11 thoughts on “Marketing strategies that could only sell antiemetics”

  1. Dr,

    Capitalism needs to continually be fed with the type of blind consumption you’ve just described😔

    You…are the exception in realizing the insanity this dynamic feeds on for growth. Stay strong and keep writing good stuff like this😎

    Liked by 1 person

  2. Ha! You hit a nerve with me today…downloaded Audible yesterday only to discover it doesn’t work with iOS because they don’t want to pay the in-app purchase royalties to iTunes. Big companies fighting over money….hmm… I choose neither, I’d rather read your blog!!! 😉

    Liked by 2 people

      1. You can use a web browser window to use it, and you can even download the app, but you cannot buy things within the app. Audible doesn’t want to share with Apple. Annoying to the user is what I say.

        Liked by 1 person

  3. And here is Slavoj Zizek on the seminar that uses your desire for the secret to whatever it is to sell you the seminar that promises to reveal the secret to whatever it is:

    “There is a very Hegelian joke that illustrates perfectly the way truth arises from misrecognition – the way our path toward truth coincides with the truth itself. At the beginning of this century, a Pole and a Jew were sitting in a train, facing each other. The Pole was shifting nervously, watching the Jew all the time; something was irritating him. Finally, unable to restrain himself any longer, he exploded: ‘Tell me, how do you Jews succeed in extracting from people the last small coin and in this way accumulate all your wealth?’ The Jew replied: ‘OK, I will tell you, but not for nothing; first, you give me five zloty [Polish money].’ After receiving the required amount, the Jew began: ‘First, you take a dead fish; you cut off her head and put her entrails in a glass of water. Then around midnight when the moon is full, you must bury this glass in a churchyard …’ ‘And,’ the Pole interrupted him greedily, ‘if I do all this, will I also become rich?’ ‘Not too quickly:’ replied the Jew; ‘This is not all you must do; but if you want to hear the rest, you must pay me another five zloty!’ After receiving the additional money, the Jew continued his story; soon afterward, he again demanded more money, and so on, until finally the Pole exploded in fury: ‘You dirty rascal, do you really think I did not notice what you were aiming at? There is no secret at all, you simply want to extract the last small coin from me!’ The Jew answered him ‘So now you see how we, the Jews, …’”

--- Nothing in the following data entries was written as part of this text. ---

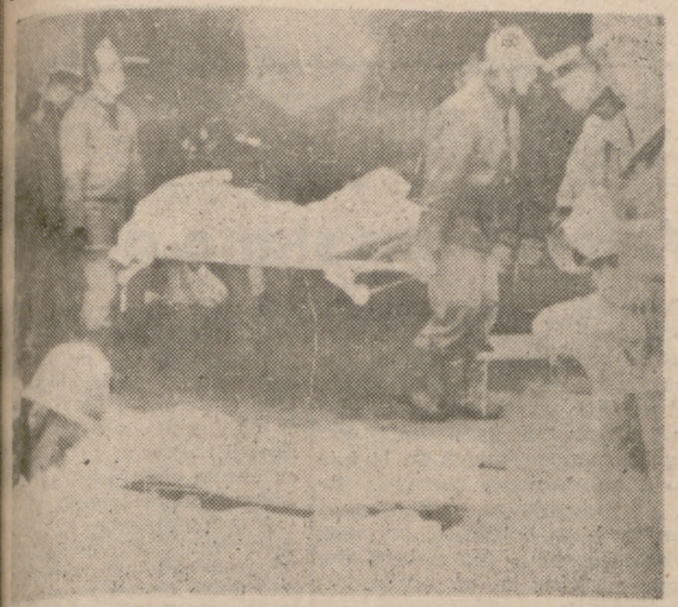
SANT LAURENT DU PONT (Isere, Francia).—La sala de fiestas "Cinq Sept" que ha quedado destruida por un violento incendio que siguió a una explosión de gas. En el siniestro han muerto 144 jóvenes. En la foto, un aspecto de los trabajos de rescate de víctimas.
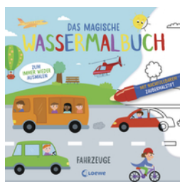
Das magische Wassermalbuch - Fahrzeuge
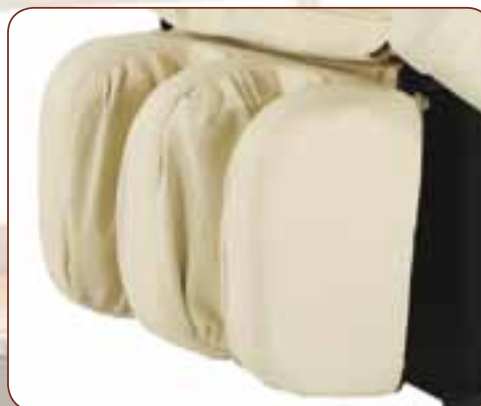
Gepolsterte Beinauflage mit Knet-Funktion. 8 Luftkissen sorgen für eine angenehme Wadenmassage.
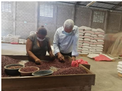
Ilustración 2 Limpieza de Frijoles del GPA ARSAGRO
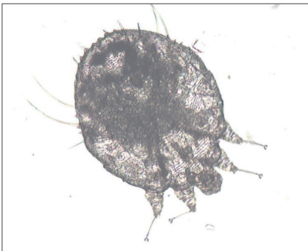
Obr. 5. Mikroskopický nález Sarcoptes scabiei (Danilla T.)

Mikroskopické vyšetrenie z líca aj z hlavy, z nánosov šupín z dlaní aj stupaj preukázalo prítomnosť dospelých samičiek a vývojových štádií Sarcoptes scabiei (obr. 4, 5). U matky bolo mikroskopické vyšetrenie tiež pozitívne.
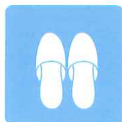
スリッパの除菌・消臭に
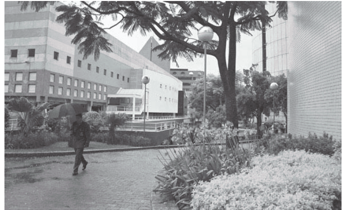
Cepuc: local que receberá o evento em Porto Alegre

O trabalho de preparação da 9ª Assembléia é conduzido pelo Comitê de Planejamento da Assembléia (APC) e pelo Comitê de Liturgia da Assembléia (AWC), sob a supervisão do Comitê Central do CMI. Esses comitês se reúnem regularmente antes do início da Assembléia. O evento é coordenado pelo escritório da Assembléia em Genebra e por um coordenador local em Porto Alegre.
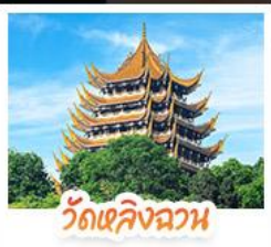
วัดเลิ่งอว่น
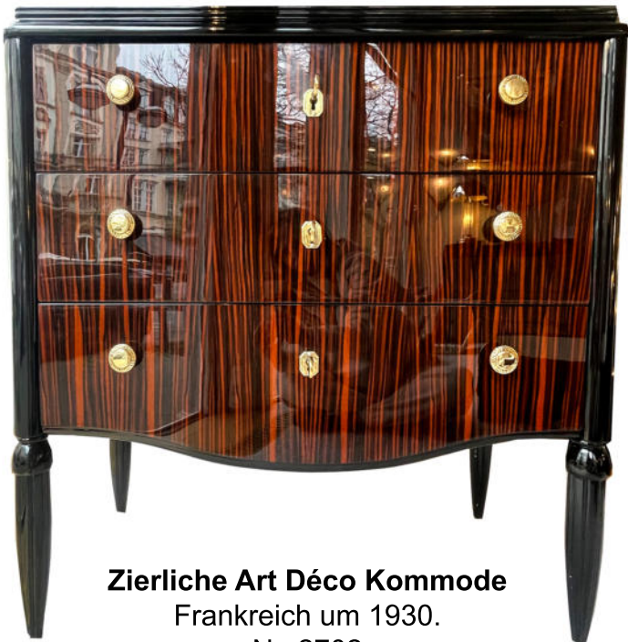
Zierliche Art Déco Kommode Frankreich um 1930. Nr. 2702
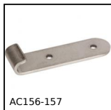
AC156-157 Riscontro per chiusura a leva rigida ad anello, 25.5mm
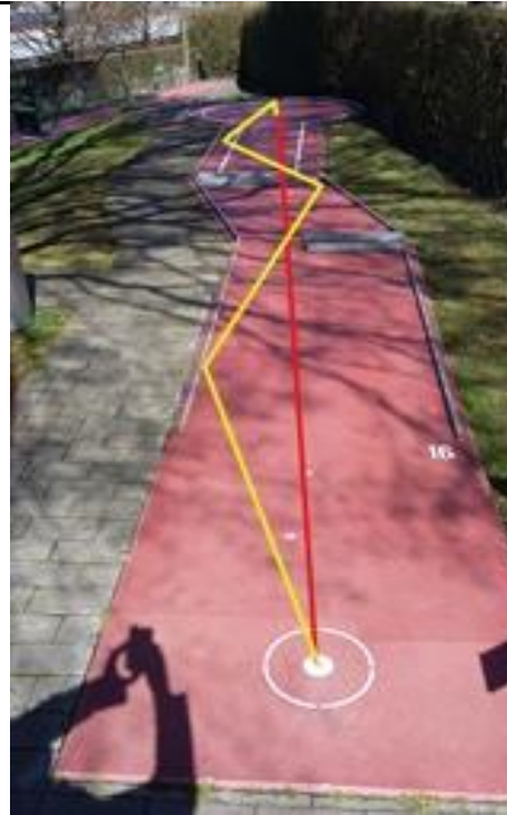
Bahn 16 gelb: Ball: Luxenburger weiss. Zwischen 1. und 2. Schraube an linke Bande. rot: direkt Durchgang ca. 5cm.
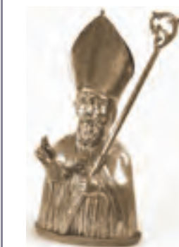
Gapègnais, font de saint Grégoire (CLMH 1997), XVII e siècle
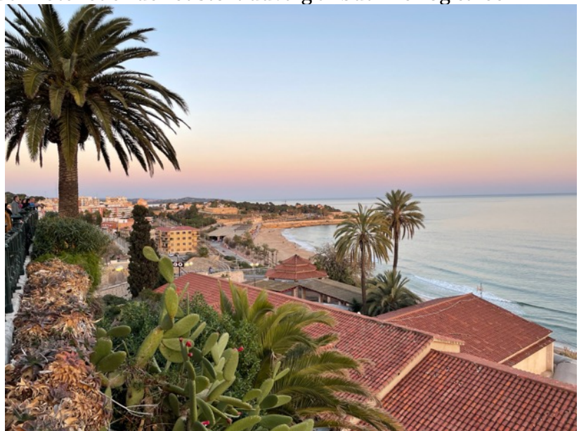
Udsigten fra Balcón del Mediterráneo
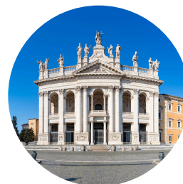
Saint-Jean de Latran
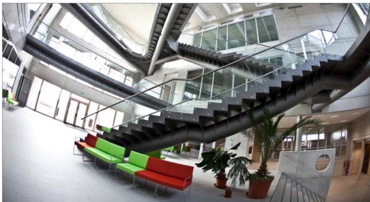
Obr. 9.3.2 Vstupní hala nového objektu „C“ Přírodovědecké fakulty JU.

Úspěšně pokračovala v roce 2013 také realizace infrastrukturního projektu v rámci OP VaVpl s názvem „Rozvoj PŘF JU“. Základním předmětem projektu je realizace investiční akce zaměřené na vytvoření infrastrukturních podmínek především pro rozvoj přírodovědných a technických oborů Přírodovědecké fakulty JU . Stěžejní součástí investiční akce byla realizace novostavby v areálu univerzity ve Čtyřech Dvorech při ulici Branišovská, která byla dokončena v září 2013. Součástí projektu jsou i dodávky přístrojového a dalšího vybavení, které budou pokračovat i v roce 2014. Plný provoz nového čtyřpodlažního objektu Přírodovědecké fakulty JU byl zahájen s počátkem letního semestru v únoru 2014.
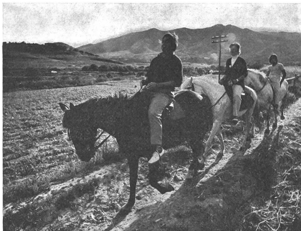
Sfuggire al condizionamento pubblicitario per ritrovare la gioia di vivere!

La nostra prossima puntata ci consentirà di sviluppare quest'ultimo aspetto, dopo averci permesso, nell'interludio, di meditare sul senso profondo delle parole di Paul Chauchard, che dice:
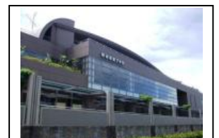
武山コミュニティセンター
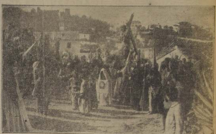
GRANADA.— La célebre Cofradía albaicenera del Cristo de El Salvador, que recorre las más típicas calles del Albaicín.

Roma, la ciudad en que se mezclan los soberbios recuerdos de los cesáres con los humildes ejemplos de Pedro el Pescador, no se engaña para solemnizar el perdón concedido por el Padre a la Humanidad, a cambio de la sangre del Hijo. Todo es en estos días recogimiento y devoción callada en la ciudad del Tiber. La Basílica del Vaticano, abierta día y noche recibe la visita de millares de almas tristes y en penitencia. A no ser por la gran muchedumbre que llena sus inmensas naves, no se advertiría que la Iglesia conmemora la fundación de sus doce.
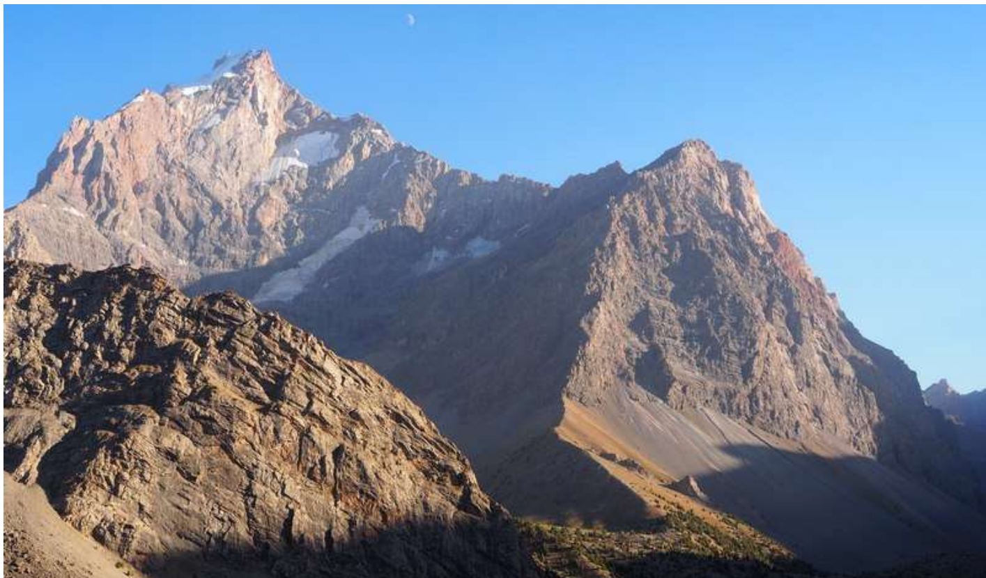
Рисунок 3 - Вид с м.н. на красавицу Чапдару
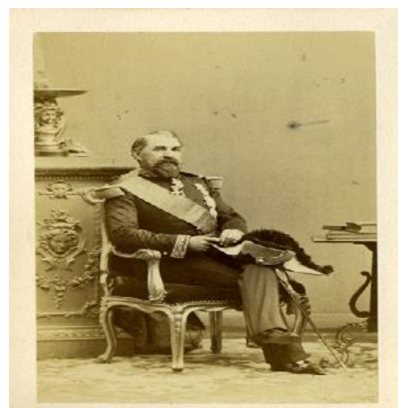
Joseph VANIMI dit YUSUF (1810-1866) http://babelouedstory.com/voix_du_bled/yusuf/yusuf.html
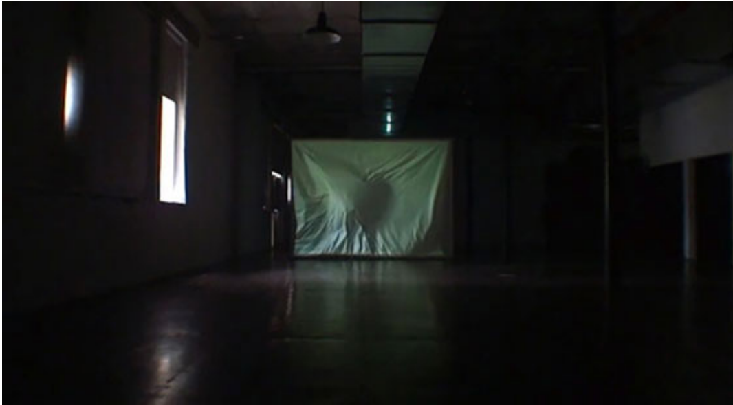
Punch Screen , Patrick Laffont (2009)

[...] nuestra mirada de participaciones en el festival omnipresente de la tecnología está [...] involucrada en perpetuar la compatibilidad de nuestros sensoriums con los métodos de interpelación predominantes. Estas interpelaciones nos alcanzan no sólo llamándonos a la identificación en el sentido althusseriano sino convocándonos a ritmos, a deseos, a afectos (Beller 1994, p. 31).
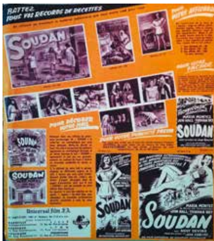
• Illustration 4. – Brochure promotionnelle pour le film Sudan .
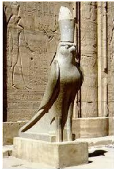
تمثال المعبود حورس
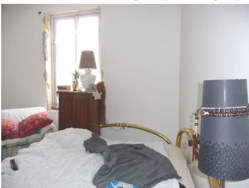
Foto 20. Camera d'angolo

    [I believe the story originally appeared in That Obscure Object of Desire, but it is also in Zizek’s Jokes: (Did you hear the one about Hegel and negation?), ed. Audun Mortenson, MIT Press, 2014, p. 121-2.]

    Liked by 1 person

      1. Well, this is what happens when i do things from memory and don’t check. The original Zizek book is The Sublime Object of Ideology. But in my mind (whether actually in reality or not) that is a reference to Bunuel’s film, as well as to other things. And no guarantees on that being where the story showed up originally …

        Liked by 1 person

  4. The success in business is incumbent upon the use persuasion tactics and social psychology to take advantage of people’s natural tendencies. “If we can stoke the fire, the fire gives us heat”. I also cringe at the attempts people make to get an extra buck. “Why not, if we can, use people’s lack of awareness to become more successful? they’re just dumb anyway”.